Download this file and place it in your project folder to get started.
# MCP Server Builder
Guide for creating high-quality MCP (Model Context Protocol) servers that enable LLMs to interact with external services through well-designed tools.
## Overview
MCP servers provide tools that allow LLMs to access external services and APIs. Quality is measured by how effectively agents can accomplish real-world tasks using the tools provided.
## Development Process
### Phase 1: Research and Planning
#### 1.1 Agent-Centric Design Principles
**Build for Workflows, Not Just Endpoints**
- Don't simply wrap existing API endpoints
- Create tools that enable complete tasks
- Consolidate related operations (e.g., `schedule_event` checks availability AND creates)
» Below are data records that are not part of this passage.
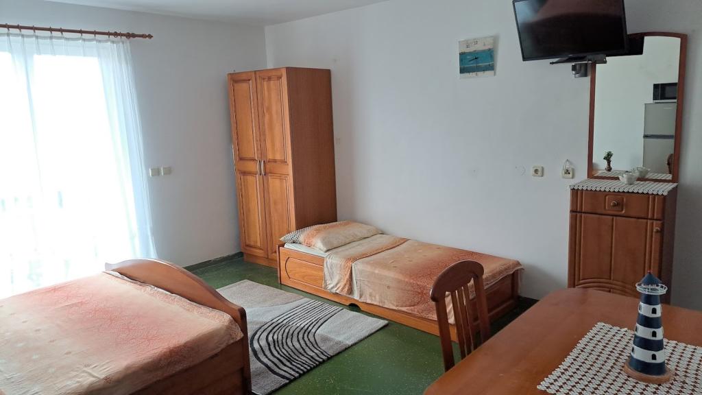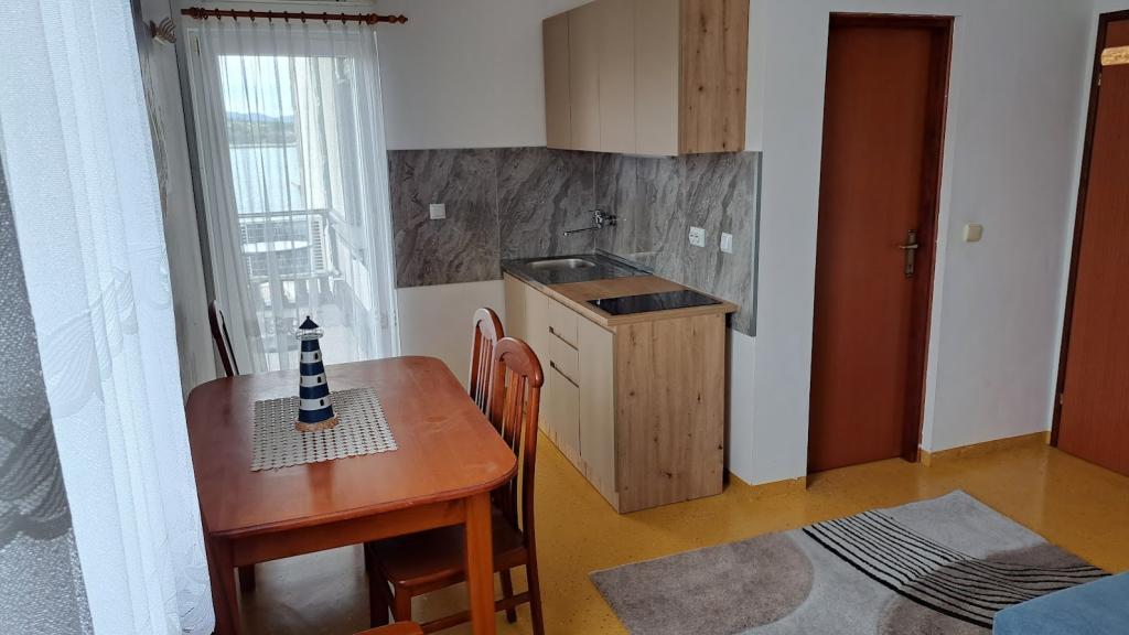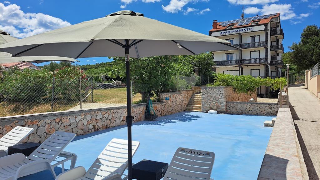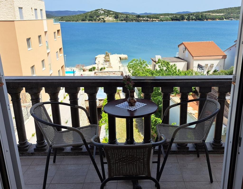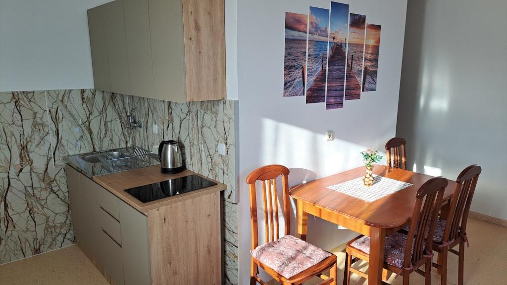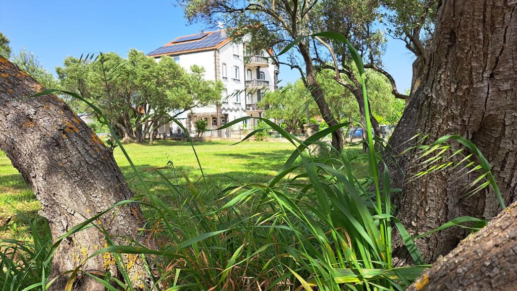Apartment house ŠTIZ-BETINA – Your ideal vacation by the sea! Located directly on the coast in Betina on the island of Murter, apartment house ŠTIZ-BETINA offers the perfect setting for a relaxing vacation. Our well-maintained stone beach is equipped with deck chairs and large umbrellas that you can use free of charge. Are you coming by boat? We offer a launch and a berth for boats up to 7 meters long, with secured parking for a trailer within the fenced yard. Location: The house is located 1.5 km from the center of Betina, where you will find the old town center, shops, cafes, restaurants and the main town beach. The island of Murter is easily accessible by car because it is connected to the mainland by a drawbridge, which rises twice a day. We offer: six apartments (2+2) and four studios (2+1). Each accommodation unit includes: a fully equipped kitchen, air conditioning, free Wi-Fi, flat-screen SAT HDTV, toilet with shower, bed linen and towels. All apartments and studios have a beautiful view of the sea and garden.
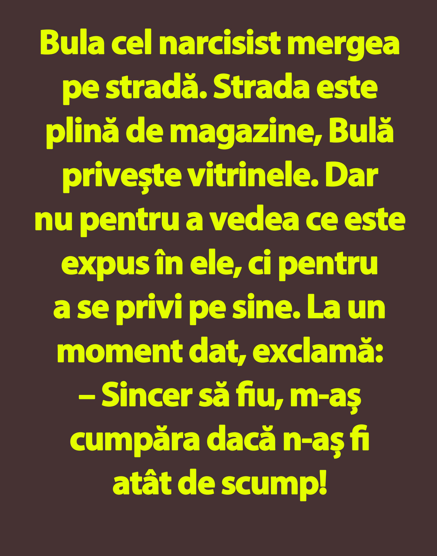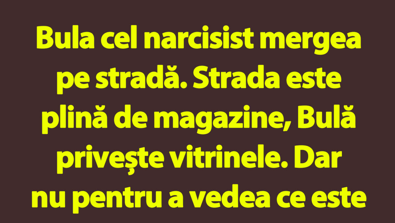 Bulă cel narcisist mergea pe stradă. Strada este plină de magazine, Bula privește vitrinele. Dar nu pentru a vedea ce este expus în ele, ci pentru a se privi pe sine. La un moment dat, exclamă:
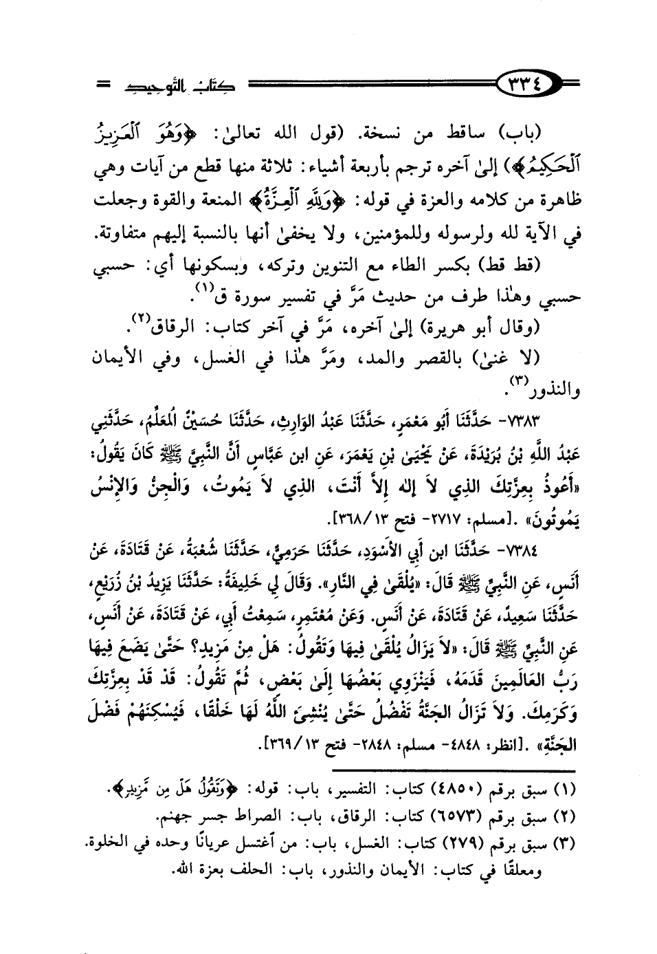 (باب) ساقط من نسخة. (قول الله تعالى: ({وَهُوَ الْعَزِيزُ الْحَكِيمُ}) إلى آخره ترجم بأربعة أشياء: ثلاثة منها قطع من آيات وهي ظاهرة من كلامه والعزة في قوله: {وَلِلَّهِ الْعِزَّةُ} المنعة والقوة وجعلت في الآية لله ولرسوله وللمؤمنين، ولا يخفى أنها بالنسبة إليهم متفاوتة.

- Focus on what agents actually need to accomplish
**Optimize for Limited Context**
- Agents have constrained context windows
- Return high-signal information, not data dumps
- Provide "concise" vs "detailed" response options
- Default to human-readable identifiers (names over IDs)
**Actionable Error Messages**
- Guide agents toward correct usage
- Suggest specific next steps: "Try using filter='active_only'"
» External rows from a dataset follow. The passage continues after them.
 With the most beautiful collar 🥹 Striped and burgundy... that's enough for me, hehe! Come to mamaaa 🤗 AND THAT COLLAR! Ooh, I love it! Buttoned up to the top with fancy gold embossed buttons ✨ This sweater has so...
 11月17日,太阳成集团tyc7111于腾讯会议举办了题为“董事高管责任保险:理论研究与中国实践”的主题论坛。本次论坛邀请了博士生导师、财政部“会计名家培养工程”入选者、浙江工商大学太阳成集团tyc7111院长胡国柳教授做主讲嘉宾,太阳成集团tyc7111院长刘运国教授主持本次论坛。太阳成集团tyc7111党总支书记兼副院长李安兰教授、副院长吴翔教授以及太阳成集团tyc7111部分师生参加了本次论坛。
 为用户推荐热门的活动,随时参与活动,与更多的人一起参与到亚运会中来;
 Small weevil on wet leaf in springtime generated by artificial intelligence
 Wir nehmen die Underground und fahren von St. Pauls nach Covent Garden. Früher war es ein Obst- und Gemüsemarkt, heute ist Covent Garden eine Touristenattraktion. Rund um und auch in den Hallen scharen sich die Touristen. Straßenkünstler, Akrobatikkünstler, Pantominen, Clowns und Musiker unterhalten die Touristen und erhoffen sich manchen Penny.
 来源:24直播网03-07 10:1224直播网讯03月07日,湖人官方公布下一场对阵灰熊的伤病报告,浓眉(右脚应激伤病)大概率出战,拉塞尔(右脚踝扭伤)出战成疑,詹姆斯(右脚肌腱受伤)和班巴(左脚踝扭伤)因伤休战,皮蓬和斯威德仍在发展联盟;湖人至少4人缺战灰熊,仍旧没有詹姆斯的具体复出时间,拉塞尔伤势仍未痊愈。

- Make errors educational, not just diagnostic
**Natural Task Subdivisions**
- Tool names should reflect how humans think
- Group related tools with consistent prefixes
- Design around natural workflows
#### 1.2 Research Requirements
Exhaustively study API documentation:
- Official API reference
- Authentication requirements
- Rate limiting and pagination
- Error responses and status codes
- Data models and schemas
#### 1.3 Create Implementation Plan
**Tool Selection**
- Most valuable endpoints/operations
- Tools that work together for complex workflows
- Priority based on common use cases
**Shared Utilities**
- Common API request patterns
- Pagination helpers
- Error handling strategies
- Response formatting
**Input/Output Design**
- Validation models (Pydantic for Python, Zod for TypeScript)
- Consistent response formats
- Character limits and truncation
### Phase 2: Implementation
#### 2.1 Project Structure
**Python (FastMCP)**
```python
from mcp import FastMCP
from pydantic import BaseModel, Field
mcp = FastMCP("my-server")
class SearchInput(BaseModel):
query: str = Field(..., description="Search query", min_length=1)
limit: int = Field(10, description="Max results", ge=1, le=100)
@mcp.tool()
async def search(input: SearchInput) -> str:
"""
Search for items matching the query.
Args:
query: The search term to find
limit: Maximum number of results (1-100)
Returns:
Matching items with names and descriptions
Example:
search(query="python", limit=5)
"""
# Implementation
pass
```
**TypeScript**
```typescript
import { Server } from "@modelcontextprotocol/sdk";
import { z } from "zod";
const server = new Server({ name: "my-server" });
const SearchInput = z.object({
query: z.string().min(1).describe("Search query"),
limit: z.number().min(1).max(100).default(10).describe("Max results")
}).strict();
server.registerTool({
name: "search",
description: "Search for items matching the query",
inputSchema: SearchInput,
handler: async (input) => {
// Implementation
}
});
```
#### 2.2 Tool Best Practices
**Comprehensive Docstrings**
- One-line summary
- Detailed explanation
- Parameter types with examples
- Return type schema
- Usage examples
- Error handling documentation
**Tool Annotations**
```python
@mcp.tool(
readOnlyHint=True, # For read-only operations
destructiveHint=False, # For non-destructive operations
idempotentHint=True, # If repeated calls have same effect
openWorldHint=True # If interacting with external systems
)
```
**Response Formats**
- Support JSON and Markdown output
- Configurable detail levels
- Respect character limits (25,000 tokens max)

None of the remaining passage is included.